A letter to my friend – cynicism
At the outset, let me confess the ‘dear’ in the salutation was used only as a regular convention used in all letters and I feel no ‘dearness’ to you in any form or fashion.
Now that we have made that clear, let me reminisce on how and when you entered my life. Ah yes, now I remember, back in early 2003 when I was, as the saying goes, left high and dry by my former employer and went from being gainfully employed to being unemployed in a gap of around 8 odd hrs, that was when I realized who my true friends were.
All the ‘good times’ that I had spent with my friends were forgotten and pretty soon I was akin to a pariah, an untouchable, a non-entity who nobody wanted to talk to.

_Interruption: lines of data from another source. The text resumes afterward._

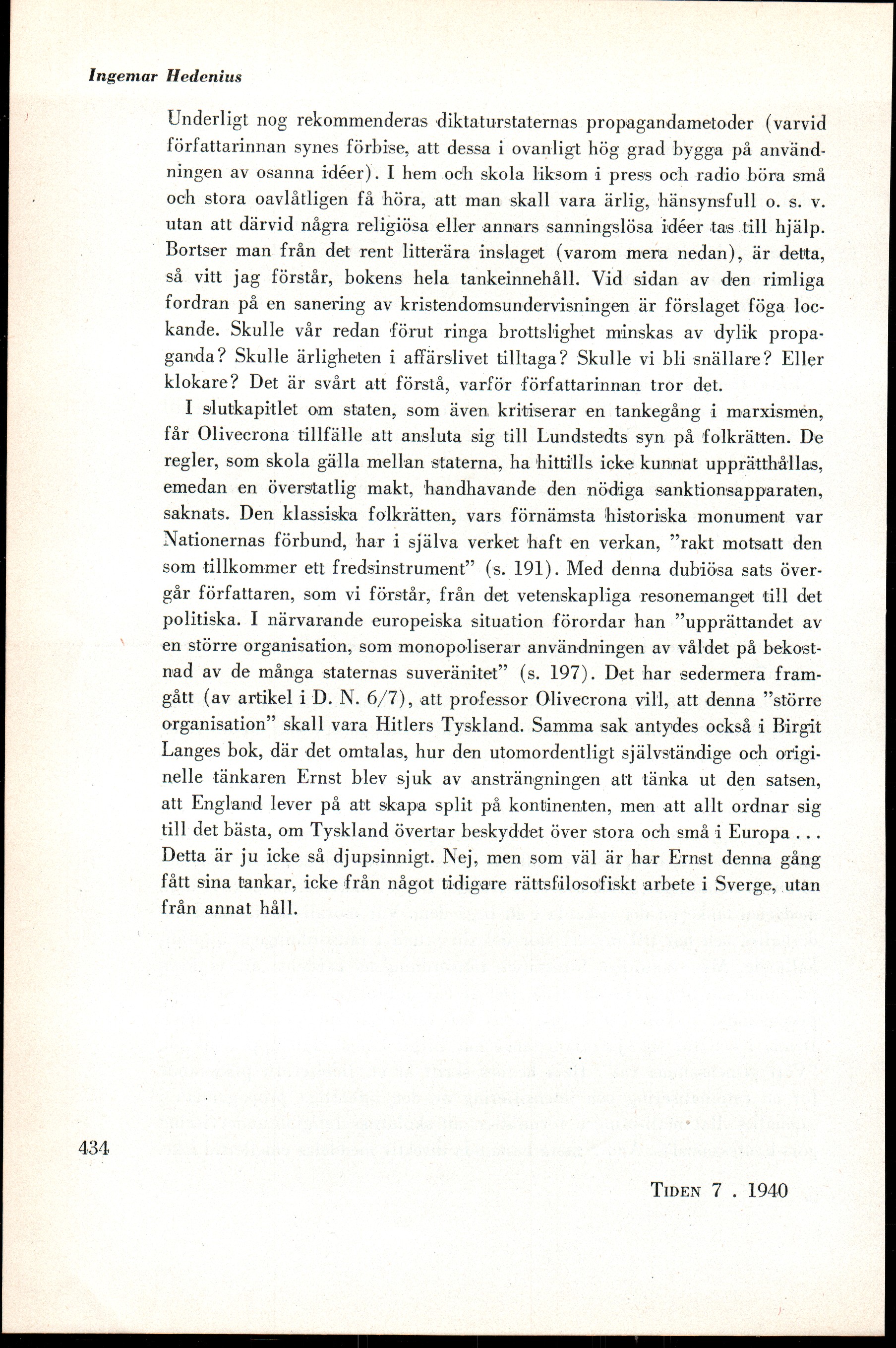 Full resolution (JPEG) - On this page / på denna sida - N:r 7, 1940 - Hedenius, Ingemar: Om lagen och staten som vårt gemensamma väl
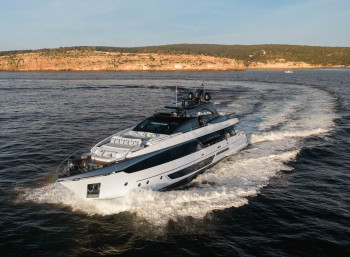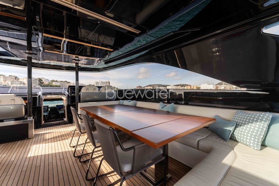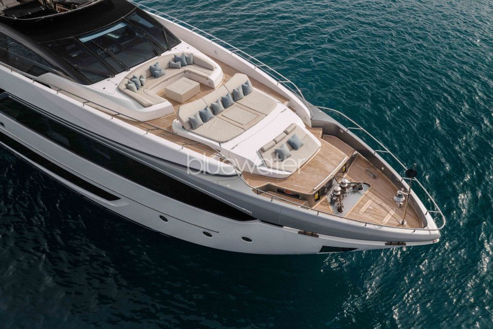 Penned by Officina Italiana Design in collaboration with the Ferretti Group engineering department, she features expansive deck spaces with al fresco dining on two decks with bar, multiple shaded lounging options, and a modern, elegant interior.
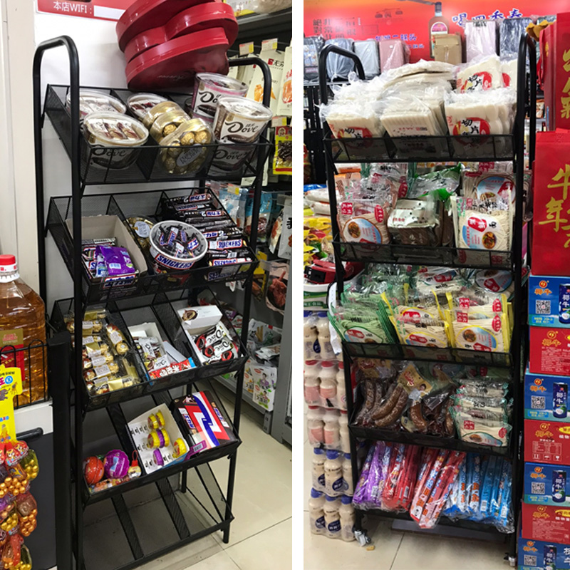 Supermarket shelves Convenience store beveled grid display rack Small goods snack shelf Cosmetics display Commercial multi-layer

That was when I realized that most of my so-called friendships were built around the fact that I was working where I was and I was studying what I was rather than for the person I really was. That was when I realized that hardly anybody really cared for me as a person, and those were the days when I truly figured out who my friends were. That was when you made your debut appearance in my life.
The whole of 2003 and the first few months of 2004 were when you made your presence felt in a big way. I was all of 23 yrs old, of prime employable age, a phase in life when I was expected to be finding my feet in the corporate world and laying the foundations for a future career. But there I was, unemployed and trying to figure out what it was that I wanted to do with the rest of my life. All the plans that I had laid out for myself got thrown out of the window in a day’s time. And you, my friend, were my constant companion in those few months.
Little by little, you started making your appearance in everything I did, ranging from enrolling in CAT coaching classes to applying to multiple B-Schools, you were always there. And your constant refrain – You, Jairam, are not going to succeed in any of your endeavors. You might as well quit trying and settle down for something easy, something mediocre kept echoing in my head day and night.
It took me more than a little effort to keep myself motivated and confident enough in my abilities to write all those B-School entrance exams that year and prepare for the Group Discussions and Personal Interviews. I had to shut my ears, heart and mind to your constant whining and reminding me of all my previous failures. I had to convince myself that I still had it in me to give it my best shot irrespective of how it would all end up, and you didn’t make things easier.
Despite your best efforts to the contrary, I managed to get into a decent B-School, but you insisted on following me there as well. Every single day of the 22 months there, you plagued me with your doubts as to whether I deserved to be there, whether I would end up making good of the opportunities provided to me there. It did take quite a bit of effort from me to shut you out of my mind and do the best I could there.
The eight odd years since April 2006 when I passed out, you have been pretty quiet, haven’t you? I guess a combination of things such as the fact that I had too much of work-related activities to think about and married life and parenting managed to keep you out of my mind for most part of the last decade. But you don’t give up, do you?
Ever since I started serious blogging, and more so since I started writing fictional pieces in the form of short stories and novellas, you pop up every so often and laugh at me. In your estimation, all my fictional pieces are sub-par and are hardly read by anybody, let alone appreciated.
But, let me tell you something, my friend, cynicism. Today I couldn’t care less about what you or anybody else thinks of my writing. Today I have reached a stage where I write just for the sheer joy that the process of writing brings me. I write for the wonderful exercise it provides for my otherwise boring grey cells. I bring to life characters I see in movies, in real life, situations out of books, movies, real life incidents and that, my friend, gives me more joy than most other things today do.
So what if my posts attract very few comments. The fact that these comments are from readers who read the whole story, understand the nuances and layers in the story, and question the motives of the protagonists, mean that there are more than a few people who actually read and probably even enjoy my brand of fiction, if I can call it that.
I guess it is time that I bid you a farewell and bring down the curtains on our friendship. You have been a constant companion for almost a decade now and I think I have had enough of you in my life. I know that you are persistent and will not go away so soon or so easily, but I have to start somewhere, don’t I. And this letter will be that all important first step that I take in this direction.